I view solar as one simple type but the storage options are more complex.
I suppose I view it like this:-
Legacy:- mostly coal power with gas peakers to help because coal power plants cannot increase or decrease electricity production easily. It's expensive and bad for the environment and monolithic.
Modern:- solar and wind to generate electricity but mostly solar. The questions becomes how do we store energy that is variable. That storage has to be able to ramp up and down quickly in relation to production of electricity.
Batteries will handle a fair bit of storage but they aren't good at longer term storage - so multiple days and across seasons.
Hydro power is really good at storing electricity for multi-day lower energy production but not good enough for seasonal storage. The build of Snowy 2.0 was meant to be 6 billion dollars but it has blown out to 12 billion dollars. Personally I think this is cheap and a good deal. For some context the Subs we are buying and we may not even get are set to cost $360 billion.

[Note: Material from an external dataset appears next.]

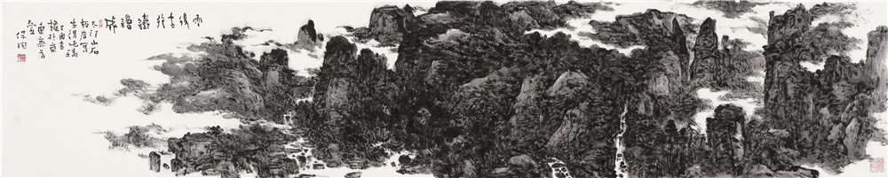 髡残的画,笔墨高古苍莽,绝无世俗气,用笔苍劲老辣,气势夺人如龙行空、虎踞岩,无任何功利之心,真正达到了“点画无奇但率真”。他的画无论是浓焦墨还是淡干墨,无论是实实在在的长线,还是时断时续,虚虚掩掩的渴笔短线,无论是屋舍人物的勾勒,还是提醒收拾的点苔,甚至皴擦勾染中都是踏实的中锋用笔,他的线内敛含蓄,柔中带刚,重提按,讲节奏,很慢、很毛、很厚、很拙、很圆,充满了坚实厚重,生辣幽雅,斑驳,宁静而又空灵的金石味道,有移山扛鼎之力。这一方面得力于他师造化常住在南京牛首山一带写生的地貌有关,另一方面源于他长期的参禅悟道和对书法金石篆刻的研究和领悟。
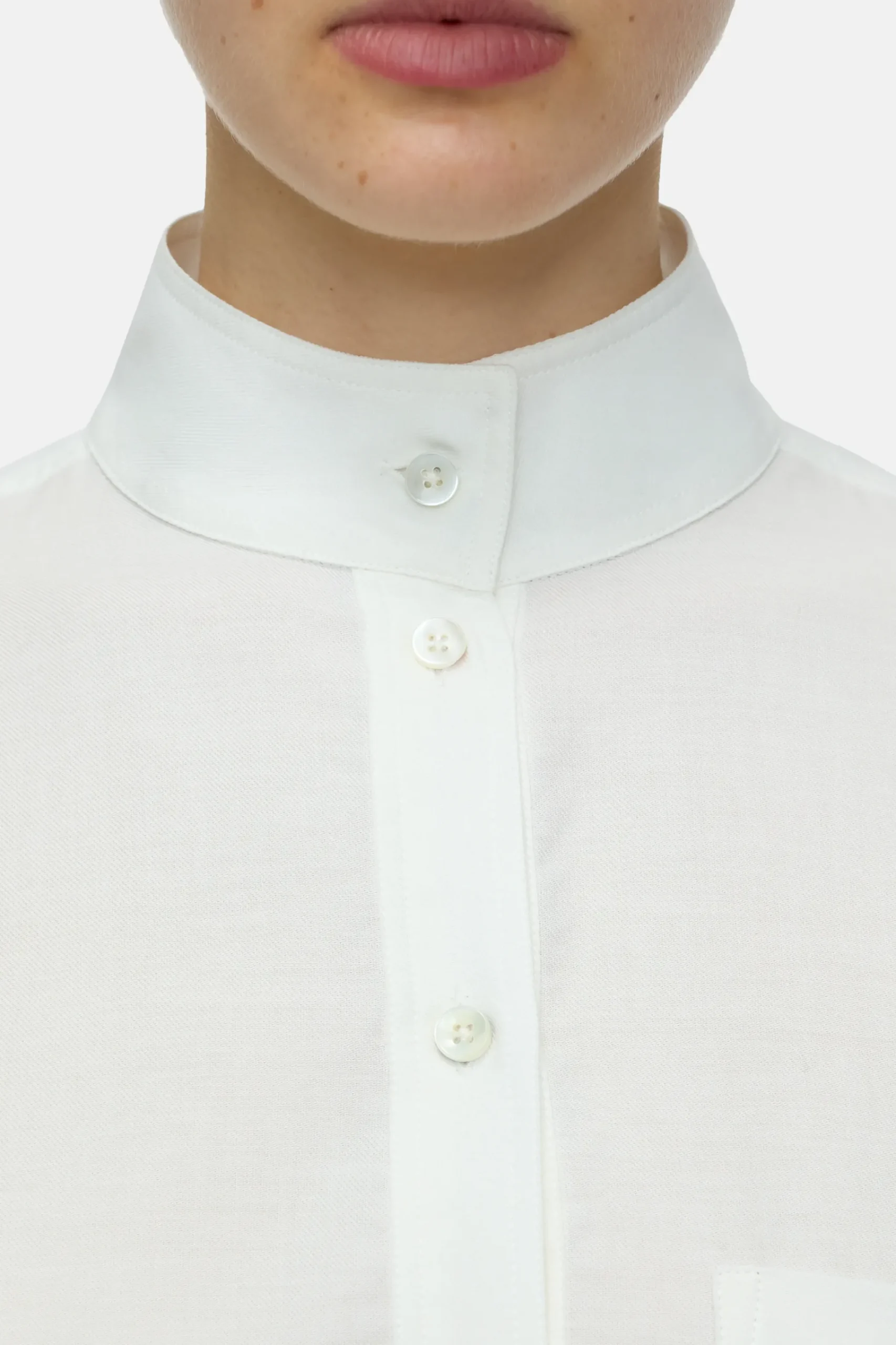 Aus weicher portugiesischer Qualitätqualität mit etwas Kaschmir ist unsere Bluse mit Stehkragen gefertigt. Das feine…

There is basically a gap for seasonal storage. This is where gas peakers come in and why we are allowing gas production to remain. Gas peakers are cheap to build but they produce carbon and they are expensive to run.
The other issue is building transmission lines.
I basically think we have to build a tonne of solar and it's the backbone to the system but I don't really see how this is an issue. It's just a project execution issue. We can build solar panels all over the place. I think already it's something like 40% of households have rooftop solar. So adding it to buildings is more about making those buildings have lower electricity costs.